• Instructions for the task:
Print every line of the listing below, starting with the line that holds "The Pro Leather" and going on through the line that holds "近日,廣州市公安局交通警察支", both included, and print nothing else.
╭─ Source material
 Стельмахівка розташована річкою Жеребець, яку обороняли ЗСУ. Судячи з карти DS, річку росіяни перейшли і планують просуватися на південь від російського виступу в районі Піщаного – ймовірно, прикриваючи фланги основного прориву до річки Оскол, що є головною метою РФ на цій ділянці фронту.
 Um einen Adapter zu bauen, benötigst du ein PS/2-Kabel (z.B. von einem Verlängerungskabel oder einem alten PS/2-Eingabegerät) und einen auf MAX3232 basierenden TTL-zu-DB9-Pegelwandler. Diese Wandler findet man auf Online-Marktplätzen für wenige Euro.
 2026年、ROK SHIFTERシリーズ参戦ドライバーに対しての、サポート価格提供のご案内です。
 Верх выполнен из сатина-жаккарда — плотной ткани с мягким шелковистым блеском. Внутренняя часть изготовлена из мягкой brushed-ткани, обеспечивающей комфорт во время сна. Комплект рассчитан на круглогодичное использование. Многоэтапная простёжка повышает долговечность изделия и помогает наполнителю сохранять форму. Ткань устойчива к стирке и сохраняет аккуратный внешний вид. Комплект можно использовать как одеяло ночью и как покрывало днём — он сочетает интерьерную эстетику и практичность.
╰─
╭─ Source material
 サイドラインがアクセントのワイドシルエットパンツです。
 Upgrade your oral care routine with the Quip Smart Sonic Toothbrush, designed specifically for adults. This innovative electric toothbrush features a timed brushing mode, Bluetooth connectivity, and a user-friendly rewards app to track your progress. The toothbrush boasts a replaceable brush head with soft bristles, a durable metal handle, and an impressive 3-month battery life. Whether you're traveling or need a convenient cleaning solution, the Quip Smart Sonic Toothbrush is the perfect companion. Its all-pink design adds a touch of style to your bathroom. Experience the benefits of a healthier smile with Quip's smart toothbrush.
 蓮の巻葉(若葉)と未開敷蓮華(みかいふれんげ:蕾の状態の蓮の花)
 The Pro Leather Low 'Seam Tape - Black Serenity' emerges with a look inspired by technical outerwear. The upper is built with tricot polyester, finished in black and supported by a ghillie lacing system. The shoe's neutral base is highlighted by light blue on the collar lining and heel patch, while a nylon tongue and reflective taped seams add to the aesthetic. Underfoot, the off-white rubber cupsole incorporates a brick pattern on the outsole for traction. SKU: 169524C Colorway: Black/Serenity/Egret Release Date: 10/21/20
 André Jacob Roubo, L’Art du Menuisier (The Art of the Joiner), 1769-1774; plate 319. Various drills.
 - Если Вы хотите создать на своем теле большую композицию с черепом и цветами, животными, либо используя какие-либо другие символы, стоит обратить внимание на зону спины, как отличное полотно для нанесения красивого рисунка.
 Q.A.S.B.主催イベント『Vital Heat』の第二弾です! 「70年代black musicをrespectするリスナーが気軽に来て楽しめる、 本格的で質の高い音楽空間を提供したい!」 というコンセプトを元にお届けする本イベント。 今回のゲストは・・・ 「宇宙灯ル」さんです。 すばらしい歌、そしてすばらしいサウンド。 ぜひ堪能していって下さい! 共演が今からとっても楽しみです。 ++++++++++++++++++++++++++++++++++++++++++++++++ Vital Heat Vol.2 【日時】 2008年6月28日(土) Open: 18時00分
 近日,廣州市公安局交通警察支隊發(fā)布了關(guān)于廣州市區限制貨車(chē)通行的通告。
╰─
╭─ Source material
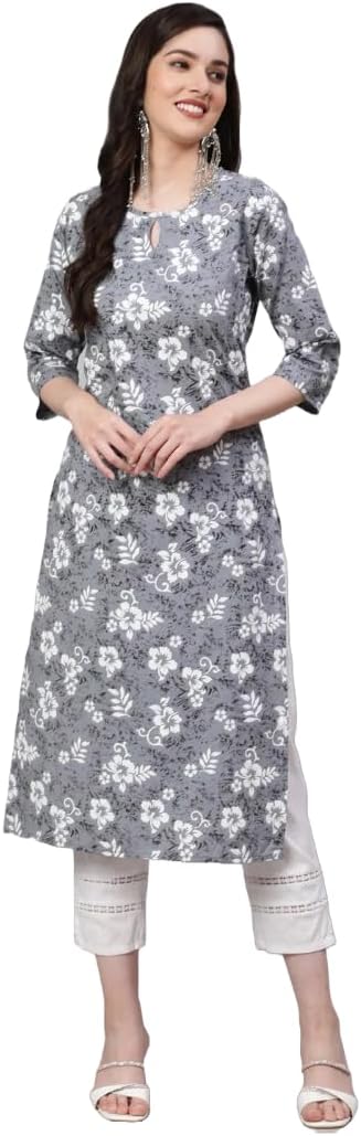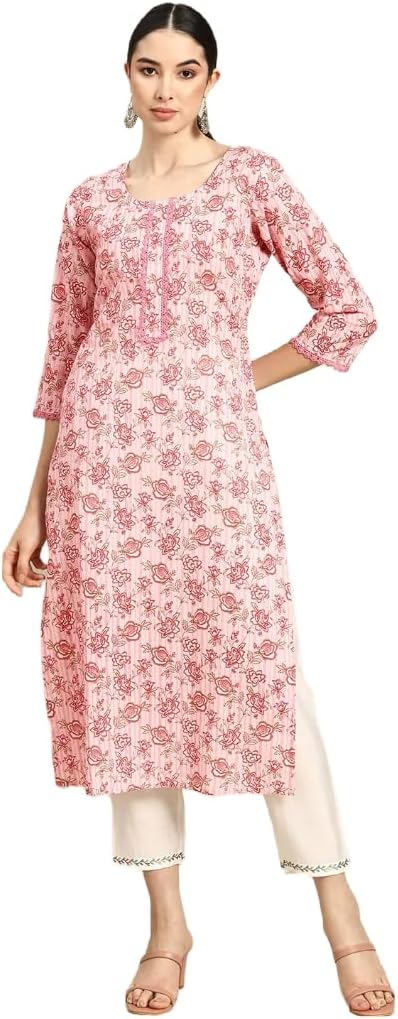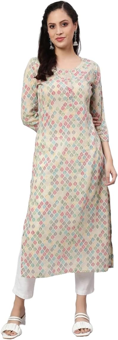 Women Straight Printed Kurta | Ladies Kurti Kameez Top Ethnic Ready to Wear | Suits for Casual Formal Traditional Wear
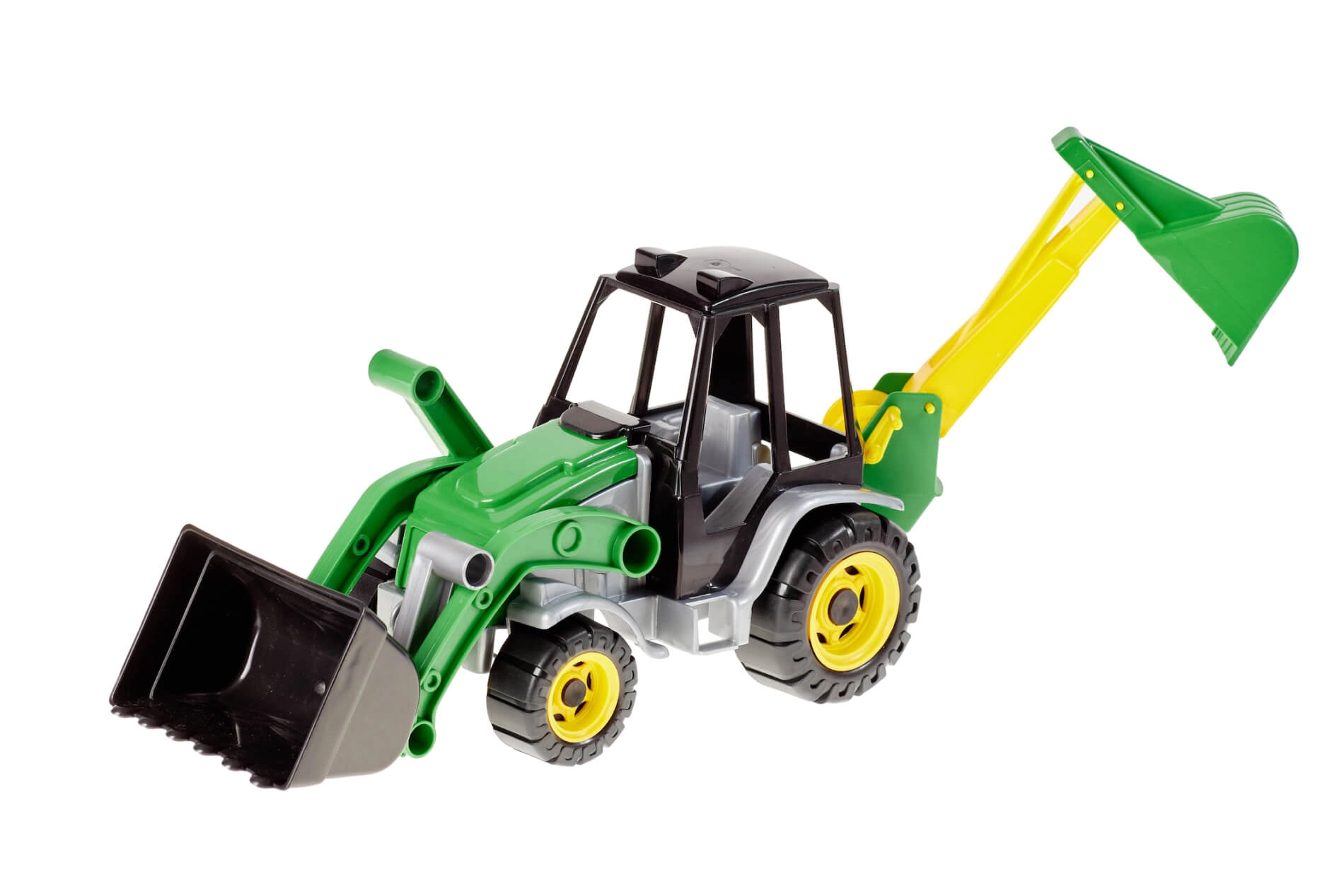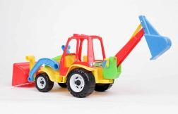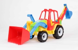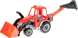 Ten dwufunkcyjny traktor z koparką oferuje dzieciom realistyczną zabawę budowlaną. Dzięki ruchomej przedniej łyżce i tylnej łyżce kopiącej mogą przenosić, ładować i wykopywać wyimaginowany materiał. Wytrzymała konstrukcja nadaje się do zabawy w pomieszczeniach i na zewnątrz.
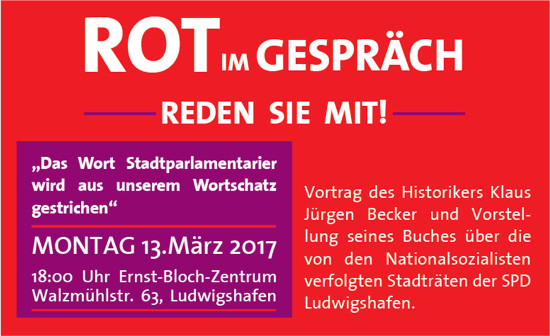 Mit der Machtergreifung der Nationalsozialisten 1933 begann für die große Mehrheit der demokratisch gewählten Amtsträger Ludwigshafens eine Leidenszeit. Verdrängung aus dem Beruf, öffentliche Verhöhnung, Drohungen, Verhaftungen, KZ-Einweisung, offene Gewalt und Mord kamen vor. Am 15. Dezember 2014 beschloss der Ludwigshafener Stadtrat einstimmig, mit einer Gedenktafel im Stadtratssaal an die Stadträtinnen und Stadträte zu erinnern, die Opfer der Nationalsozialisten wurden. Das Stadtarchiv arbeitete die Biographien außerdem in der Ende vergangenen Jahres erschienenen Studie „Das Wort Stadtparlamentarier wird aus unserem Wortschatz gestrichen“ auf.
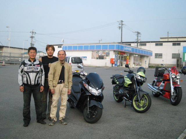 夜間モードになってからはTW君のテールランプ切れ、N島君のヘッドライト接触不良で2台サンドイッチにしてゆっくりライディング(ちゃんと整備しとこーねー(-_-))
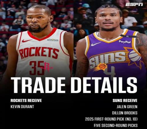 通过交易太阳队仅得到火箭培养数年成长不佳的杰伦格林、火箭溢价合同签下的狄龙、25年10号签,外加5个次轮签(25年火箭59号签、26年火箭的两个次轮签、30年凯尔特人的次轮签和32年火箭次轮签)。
╰─
• Answer to the problem:
 The Pro Leather Low 'Seam Tape - Black Serenity' emerges with a look inspired by technical outerwear. The upper is built with tricot polyester, finished in black and supported by a ghillie lacing system. The shoe's neutral base is highlighted by light blue on the collar lining and heel patch, while a nylon tongue and reflective taped seams add to the aesthetic. Underfoot, the off-white rubber cupsole incorporates a brick pattern on the outsole for traction. SKU: 169524C Colorway: Black/Serenity/Egret Release Date: 10/21/20
 André Jacob Roubo, L’Art du Menuisier (The Art of the Joiner), 1769-1774; plate 319. Various drills.
 - Если Вы хотите создать на своем теле большую композицию с черепом и цветами, животными, либо используя какие-либо другие символы, стоит обратить внимание на зону спины, как отличное полотно для нанесения красивого рисунка.
 Q.A.S.B.主催イベント『Vital Heat』の第二弾です! 「70年代black musicをrespectするリスナーが気軽に来て楽しめる、 本格的で質の高い音楽空間を提供したい!」 というコンセプトを元にお届けする本イベント。 今回のゲストは・・・ 「宇宙灯ル」さんです。 すばらしい歌、そしてすばらしいサウンド。 ぜひ堪能していって下さい! 共演が今からとっても楽しみです。 ++++++++++++++++++++++++++++++++++++++++++++++++ Vital Heat Vol.2 【日時】 2008年6月28日(土) Open: 18時00分
 近日,廣州市公安局交通警察支隊發(fā)布了關(guān)于廣州市區限制貨車(chē)通行的通告。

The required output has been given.